Enhancing Graphical Lasso: A Robust Scheme for Non-Stationary Mean Data
Samuel Rey, Ernesto Curbelo, Luca Martino, Fernando Llorente, Antonio G. Marques
TL;DR
The paper tackles graph topology inference for Gaussian Graphical Models when the observed mean is time-varying, exposing bias in standard Graphical Lasso (GL) under a nonzero, evolving mean. It introduces GL-ATAIS, an alternating Bayesian–frequentist framework that uses Adaptive Importance Sampling to estimate a time-varying mean $\mathbf f_r(\boldsymbol{\phi})$ via $\boldsymbol{\phi}$ and then applies GL to the centered data to estimate the sparse precision matrix $\boldsymbol{\Theta}$. The approach iteratively refines both estimates, enabling uncertainty quantification for the mean parameters and yielding substantially improved graph recovery compared to standard GL and to ATAIS alone. Numerical results on synthetic networks show that GL-ATAIS can approach the performance of an oracle with known mean, highlighting the practical impact of accounting for non-stationary means in graph learning.
Abstract
This work addresses the problem of graph learning from data following a Gaussian Graphical Model (GGM) with a time-varying mean.

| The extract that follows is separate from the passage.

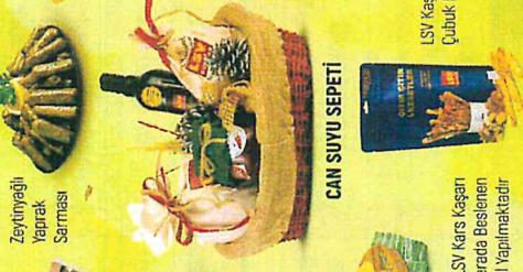
Eski LSV Karı Karısı 28 Çeşitli Otlarla Beslenen Ineklerin Sütü ile Özel Yapılmaktadır
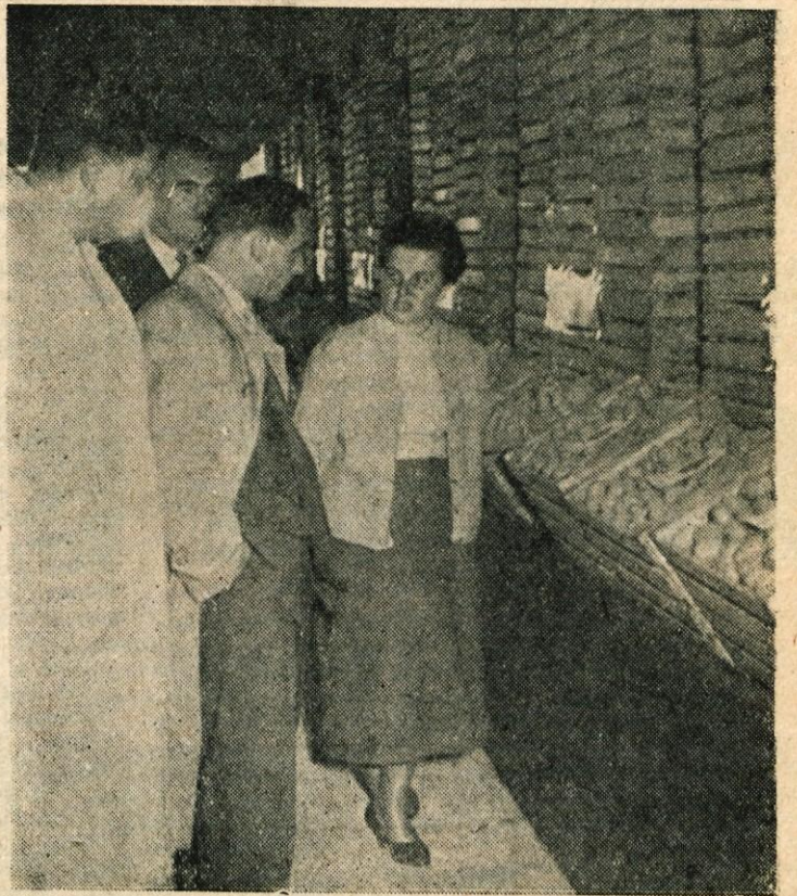
Naklo, 11. oktobra.

Graphical Lasso (GL), the standard method for estimating sparse precision matrices, assumes that the observed data follows a zero-mean Gaussian distribution. However, this assumption is often violated in real-world scenarios where the mean evolves over time due to external influences, trends, or regime shifts. When the mean is not properly accounted for, applying GL directly can lead to estimating a biased precision matrix, hence hindering the graph learning task. To overcome this limitation, we propose Graphical Lasso with Adaptive Targeted Adaptive Importance Sampling (GL-ATAIS), an iterative method that jointly estimates the time-varying mean and the precision matrix. Our approach integrates Bayesian inference with frequentist estimation, leveraging importance sampling to obtain an estimate of the mean while using a regularized maximum likelihood estimator to infer the precision matrix. By iteratively refining both estimates, GL-ATAIS mitigates the bias introduced by time-varying means, leading to more accurate graph recovery. Our numerical evaluation demonstrates the impact of properly accounting for time-dependent means and highlights the advantages of GL-ATAIS over standard GL in recovering the true graph structure.